Parallel fan-out: cost-class caps
Two tools offer parallel fan-out with different concurrency limits that reflect very different cost classes:
| Tool | What each child does | Wall-clock | Token cost | Cap |
|---|---|---|---|---|
agent_spawn |
Full sub-agent loop (planning, tool calls, multi-turn streaming, can spawn children) | minutes | thousands of tokens | 5 in flight |
rlm_query |
One-shot non-streaming Chat Completions call to deepseek-v4-flash |
seconds | ~hundreds of tokens | 16 per call |
The caps appear in each tool's description and error messages so the model
(and the user) can choose the right tool for the job. If one sub-agent is
enough but you need parallel lookups, prefer rlm_query; if each task needs
its own tool-carrying agent loop, use agent_spawn (and cancel completed
ones to free slots).
Recently consolidated (v0.5.1)
Removed from the prompt as duplicates of equivalent tools (the underlying dispatchers still resolve them, so existing sessions don't break — they just no longer pollute the model's tool list):
spawn_agent→ useagent_spawn.close_agent→ useagent_cancel.assign_agent→ useagent_assign.
Deprecation schedule (v0.6.2 → v0.8.0)
The alias tools below still execute successfully but now attach a
_deprecation block to every result they return. Models should migrate to
the canonical name before v0.8.0, when the aliases will be removed.
| Deprecated alias | Canonical name | Warning since | Removal |
|---|---|---|---|
spawn_agent |
agent_spawn |
v0.6.2 | v0.8.0 |
delegate_to_agent |
agent_spawn |
v0.6.2 | v0.8.0 |
close_agent |
agent_cancel |
v0.6.2 | v0.8.0 |
send_input |
agent_send_input |
v0.6.2 | v0.8.0 |
The _deprecation block shape:
{
"_deprecation": {
"this_tool": "spawn_agent",
"use_instead": "agent_spawn",
"removed_in": "0.8.0",
"message": "Tool 'spawn_agent' is deprecated; switch to 'agent_spawn' before v0.8.0."
}
}
This block is merged into the tool result's metadata object alongside any
other metadata keys (e.g. status, timed_out) so it does not displace
existing metadata. A one-line deprecation warning is also emitted to the
audit log at tracing::warn level every time an alias is invoked.

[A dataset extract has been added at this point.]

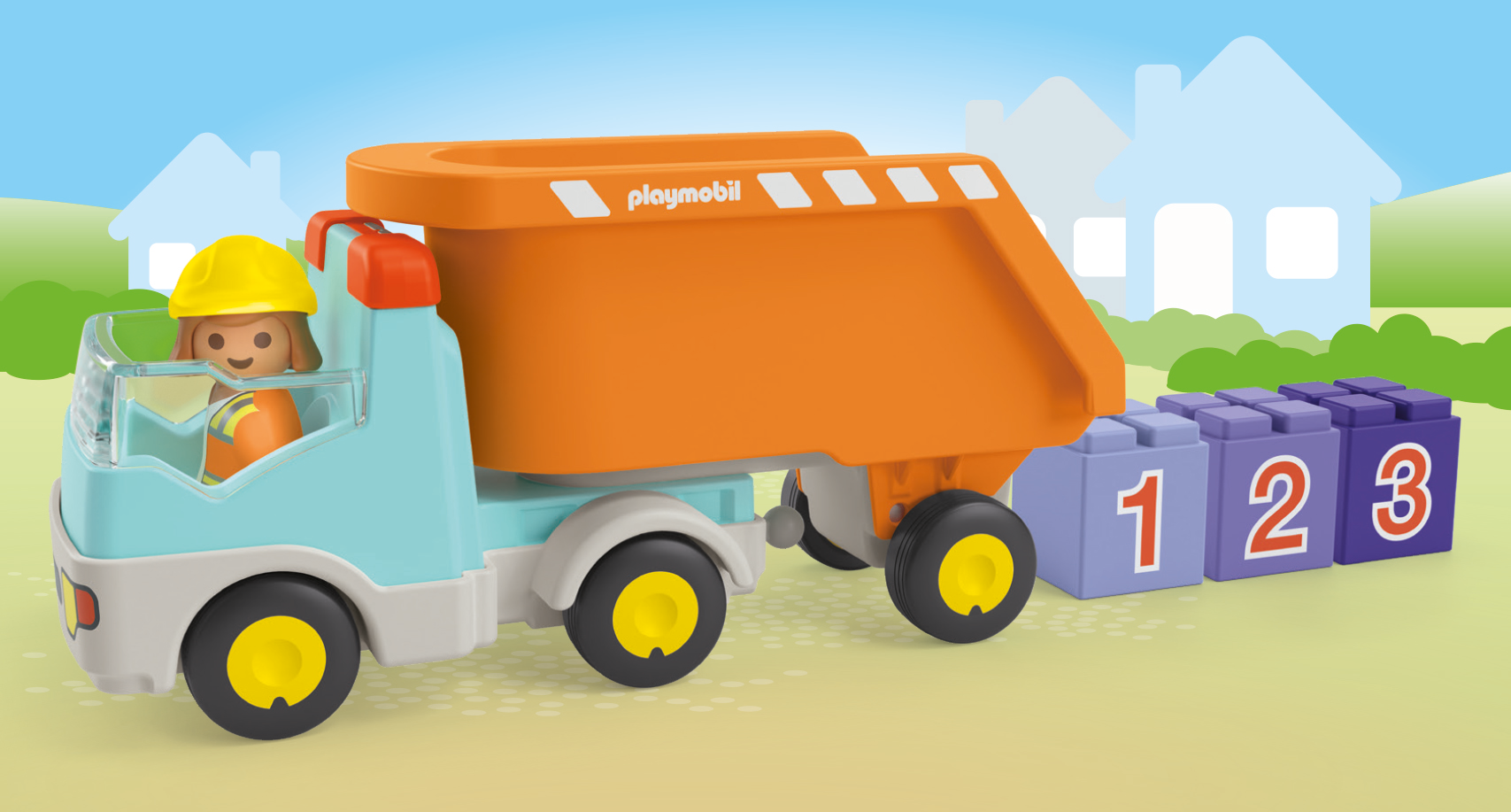 Accessori: 1 autocarro con cassone ribaltabile, 3 mattoncini da costruzione

Why we don't ship a single bash tool
Single-bash agents (Claude Code's design) are powerful but hand the model
all the foot-guns of shell scripting: quoting, platform divergence,
side-effects from misread cwd, cd not persisting between calls, etc. Our
file tools are also significantly cheaper to render in the transcript
(structured JSON-shaped output collapses better than ls -la walls of text).
The model can always fall back to exec_shell when something is missing.
The dedicated tools just take the common 80% off the shell escape-hatch.